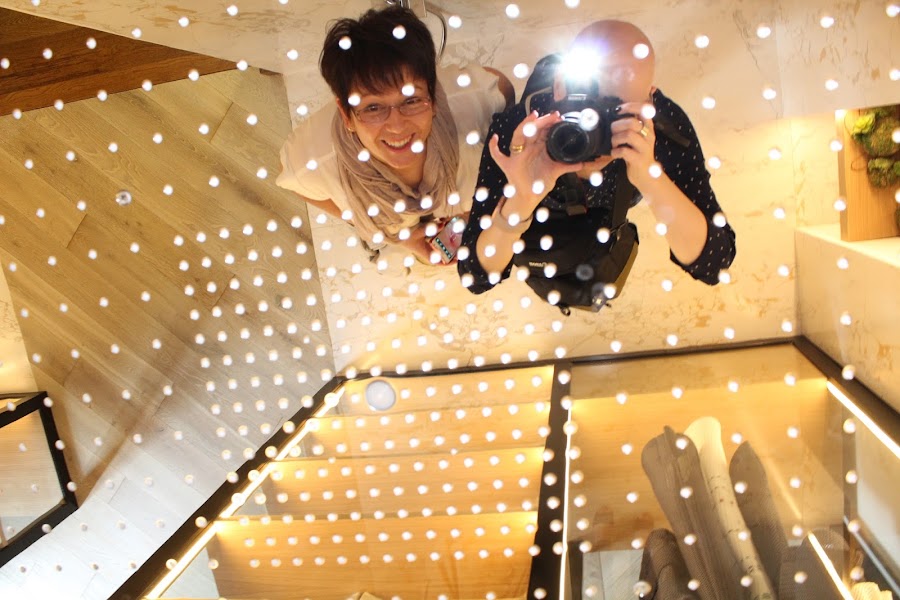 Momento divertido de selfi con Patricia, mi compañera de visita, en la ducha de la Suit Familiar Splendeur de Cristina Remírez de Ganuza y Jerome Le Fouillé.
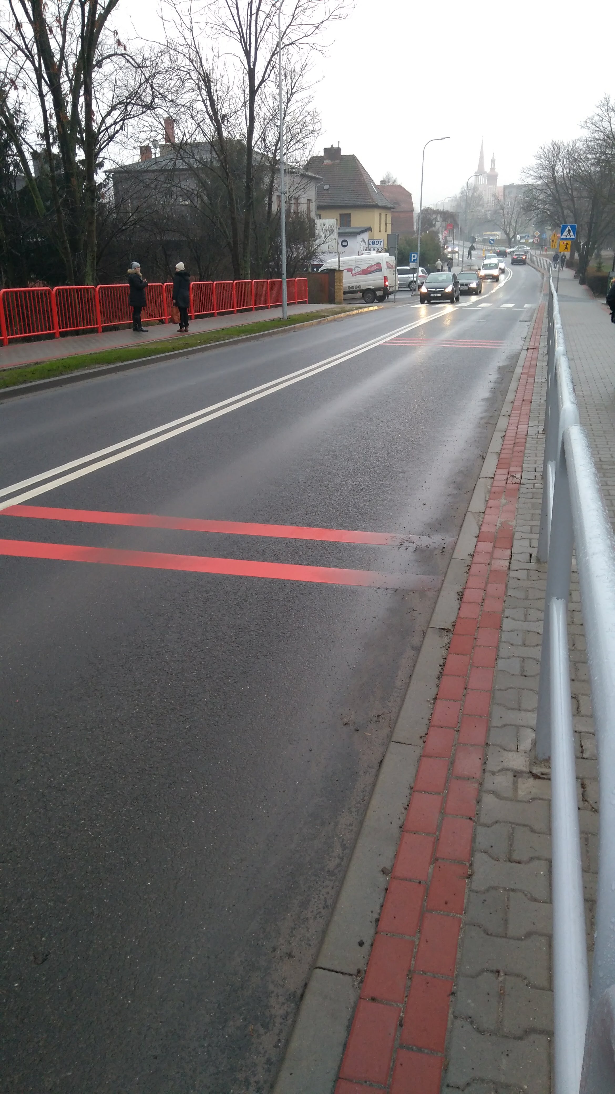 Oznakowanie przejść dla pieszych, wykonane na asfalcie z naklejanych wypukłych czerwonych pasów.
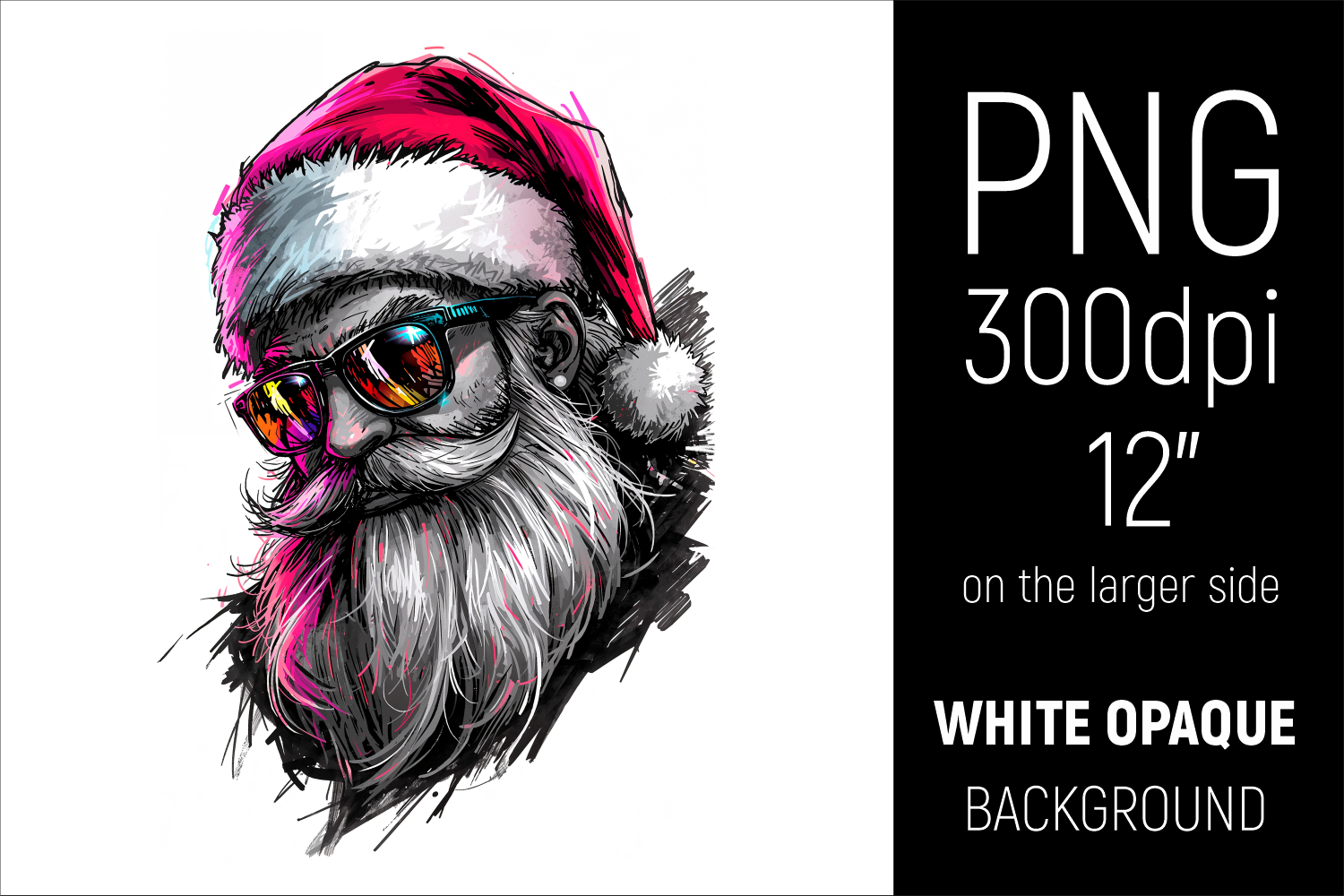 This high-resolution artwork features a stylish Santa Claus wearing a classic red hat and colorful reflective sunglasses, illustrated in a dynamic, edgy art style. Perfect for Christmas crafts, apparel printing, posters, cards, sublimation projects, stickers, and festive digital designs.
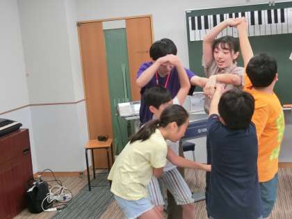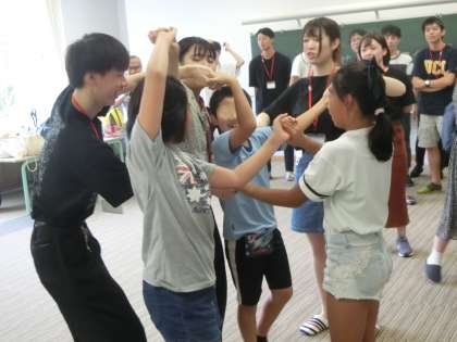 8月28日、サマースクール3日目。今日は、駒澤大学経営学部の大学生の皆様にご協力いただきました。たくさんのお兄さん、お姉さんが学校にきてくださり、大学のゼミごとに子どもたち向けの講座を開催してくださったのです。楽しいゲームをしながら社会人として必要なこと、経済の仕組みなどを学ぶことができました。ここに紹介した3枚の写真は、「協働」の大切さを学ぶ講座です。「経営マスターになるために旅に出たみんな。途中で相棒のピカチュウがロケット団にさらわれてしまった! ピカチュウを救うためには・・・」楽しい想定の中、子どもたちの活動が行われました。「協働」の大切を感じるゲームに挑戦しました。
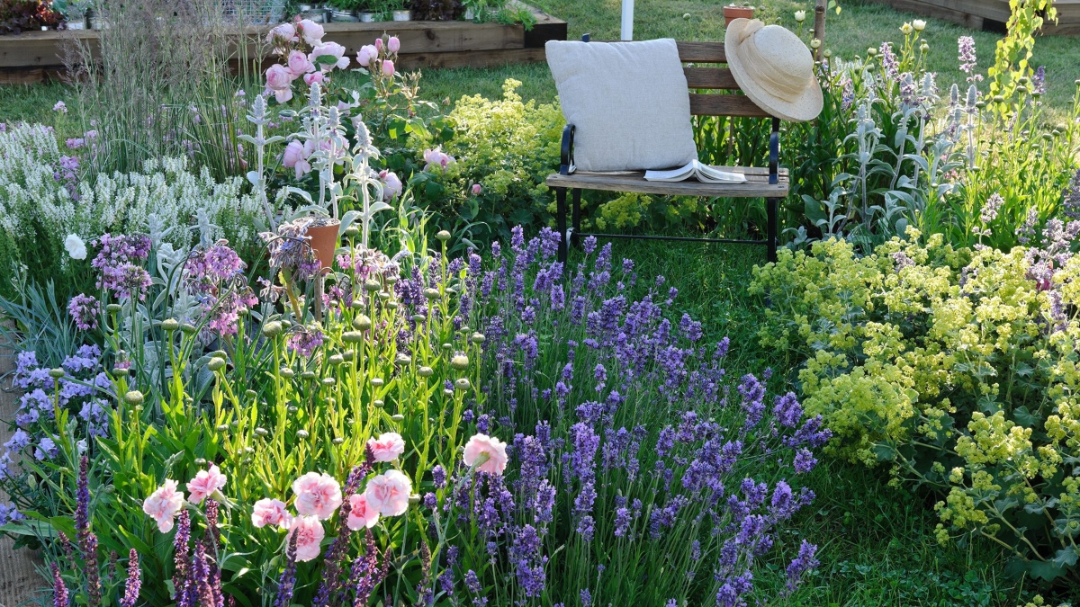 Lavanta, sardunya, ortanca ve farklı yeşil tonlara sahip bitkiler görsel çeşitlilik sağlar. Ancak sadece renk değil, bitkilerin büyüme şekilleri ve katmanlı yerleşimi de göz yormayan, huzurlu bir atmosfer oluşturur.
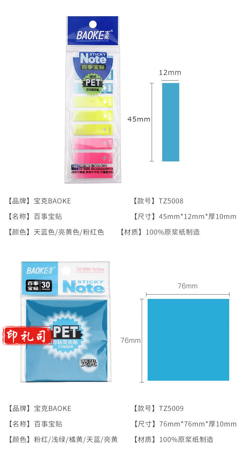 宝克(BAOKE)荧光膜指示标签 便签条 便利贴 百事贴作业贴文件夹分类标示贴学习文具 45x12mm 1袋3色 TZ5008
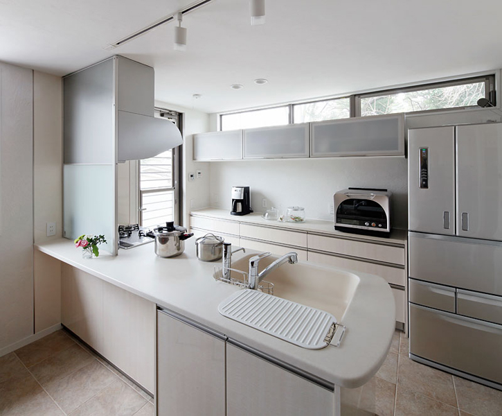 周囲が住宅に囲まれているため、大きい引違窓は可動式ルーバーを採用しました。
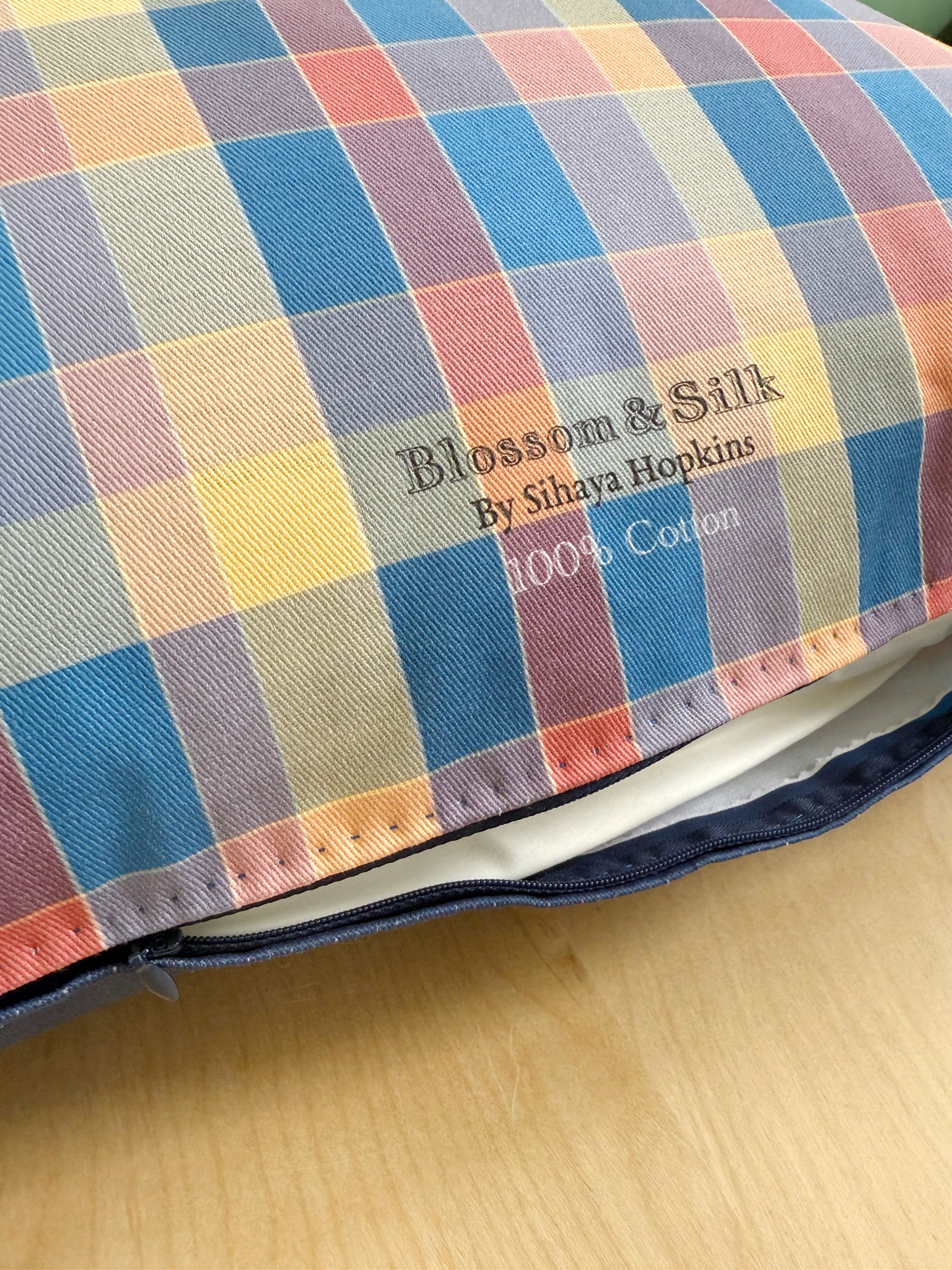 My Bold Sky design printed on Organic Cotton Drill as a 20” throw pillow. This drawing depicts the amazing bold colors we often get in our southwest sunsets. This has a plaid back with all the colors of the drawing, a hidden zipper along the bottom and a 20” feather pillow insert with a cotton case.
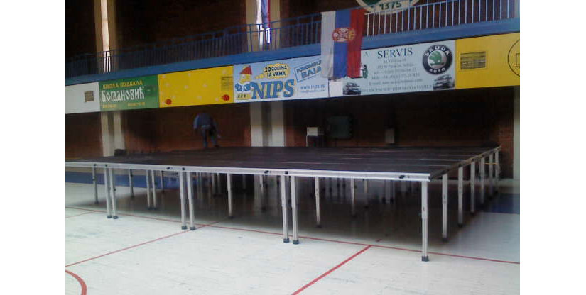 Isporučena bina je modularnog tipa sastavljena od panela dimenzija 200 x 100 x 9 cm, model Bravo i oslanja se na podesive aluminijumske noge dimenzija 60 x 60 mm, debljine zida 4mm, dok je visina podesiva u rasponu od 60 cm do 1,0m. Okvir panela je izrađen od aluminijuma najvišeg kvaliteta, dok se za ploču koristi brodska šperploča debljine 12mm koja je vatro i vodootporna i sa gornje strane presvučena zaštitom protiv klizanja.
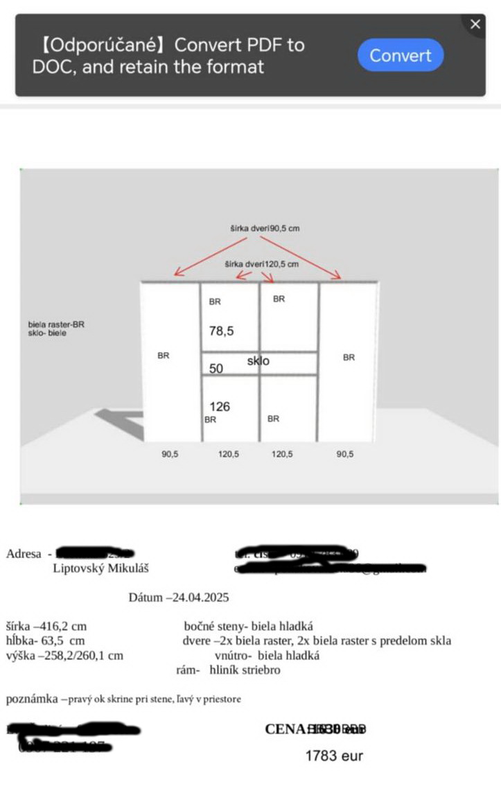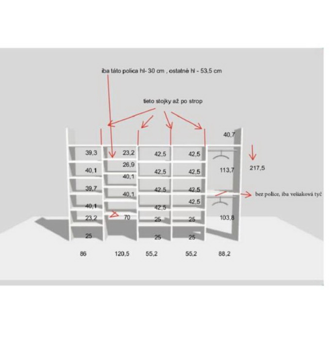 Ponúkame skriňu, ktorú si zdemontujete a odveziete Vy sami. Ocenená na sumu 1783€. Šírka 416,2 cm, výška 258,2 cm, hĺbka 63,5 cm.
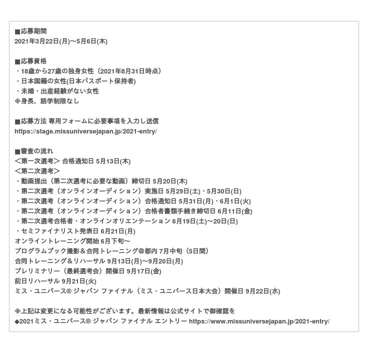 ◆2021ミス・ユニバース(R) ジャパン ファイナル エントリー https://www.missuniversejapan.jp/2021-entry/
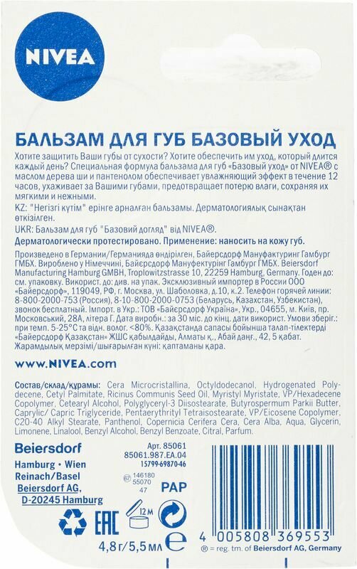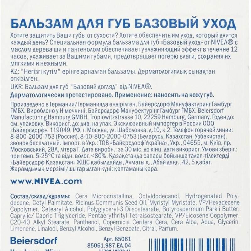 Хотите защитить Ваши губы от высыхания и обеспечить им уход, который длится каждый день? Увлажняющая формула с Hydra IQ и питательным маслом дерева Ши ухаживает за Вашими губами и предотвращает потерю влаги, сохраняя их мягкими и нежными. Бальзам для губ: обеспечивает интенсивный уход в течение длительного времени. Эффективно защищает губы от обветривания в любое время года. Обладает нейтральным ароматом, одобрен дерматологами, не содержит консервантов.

================

■ WORK REQUEST: For the material above, repeat each line exactly and leave out the pictures.

■ ANSWER TO THIS EXERCISE:
 Momento divertido de selfi con Patricia, mi compañera de visita, en la ducha de la Suit Familiar Splendeur de Cristina Remírez de Ganuza y Jerome Le Fouillé.
 Oznakowanie przejść dla pieszych, wykonane na asfalcie z naklejanych wypukłych czerwonych pasów.
 This high-resolution artwork features a stylish Santa Claus wearing a classic red hat and colorful reflective sunglasses, illustrated in a dynamic, edgy art style. Perfect for Christmas crafts, apparel printing, posters, cards, sublimation projects, stickers, and festive digital designs.
 8月28日、サマースクール3日目。今日は、駒澤大学経営学部の大学生の皆様にご協力いただきました。たくさんのお兄さん、お姉さんが学校にきてくださり、大学のゼミごとに子どもたち向けの講座を開催してくださったのです。楽しいゲームをしながら社会人として必要なこと、経済の仕組みなどを学ぶことができました。ここに紹介した3枚の写真は、「協働」の大切さを学ぶ講座です。「経営マスターになるために旅に出たみんな。途中で相棒のピカチュウがロケット団にさらわれてしまった! ピカチュウを救うためには・・・」楽しい想定の中、子どもたちの活動が行われました。「協働」の大切を感じるゲームに挑戦しました。
 Lavanta, sardunya, ortanca ve farklı yeşil tonlara sahip bitkiler görsel çeşitlilik sağlar. Ancak sadece renk değil, bitkilerin büyüme şekilleri ve katmanlı yerleşimi de göz yormayan, huzurlu bir atmosfer oluşturur.
 宝克(BAOKE)荧光膜指示标签 便签条 便利贴 百事贴作业贴文件夹分类标示贴学习文具 45x12mm 1袋3色 TZ5008
 周囲が住宅に囲まれているため、大きい引違窓は可動式ルーバーを採用しました。
 My Bold Sky design printed on Organic Cotton Drill as a 20” throw pillow. This drawing depicts the amazing bold colors we often get in our southwest sunsets. This has a plaid back with all the colors of the drawing, a hidden zipper along the bottom and a 20” feather pillow insert with a cotton case.
 Isporučena bina je modularnog tipa sastavljena od panela dimenzija 200 x 100 x 9 cm, model Bravo i oslanja se na podesive aluminijumske noge dimenzija 60 x 60 mm, debljine zida 4mm, dok je visina podesiva u rasponu od 60 cm do 1,0m. Okvir panela je izrađen od aluminijuma najvišeg kvaliteta, dok se za ploču koristi brodska šperploča debljine 12mm koja je vatro i vodootporna i sa gornje strane presvučena zaštitom protiv klizanja.
 Ponúkame skriňu, ktorú si zdemontujete a odveziete Vy sami. Ocenená na sumu 1783€. Šírka 416,2 cm, výška 258,2 cm, hĺbka 63,5 cm.
 ◆2021ミス・ユニバース(R) ジャパン ファイナル エントリー https://www.missuniversejapan.jp/2021-entry/
 Хотите защитить Ваши губы от высыхания и обеспечить им уход, который длится каждый день? Увлажняющая формула с Hydra IQ и питательным маслом дерева Ши ухаживает за Вашими губами и предотвращает потерю влаги, сохраняя их мягкими и нежными. Бальзам для губ: обеспечивает интенсивный уход в течение длительного времени. Эффективно защищает губы от обветривания в любое время года. Обладает нейтральным ароматом, одобрен дерматологами, не содержит консервантов.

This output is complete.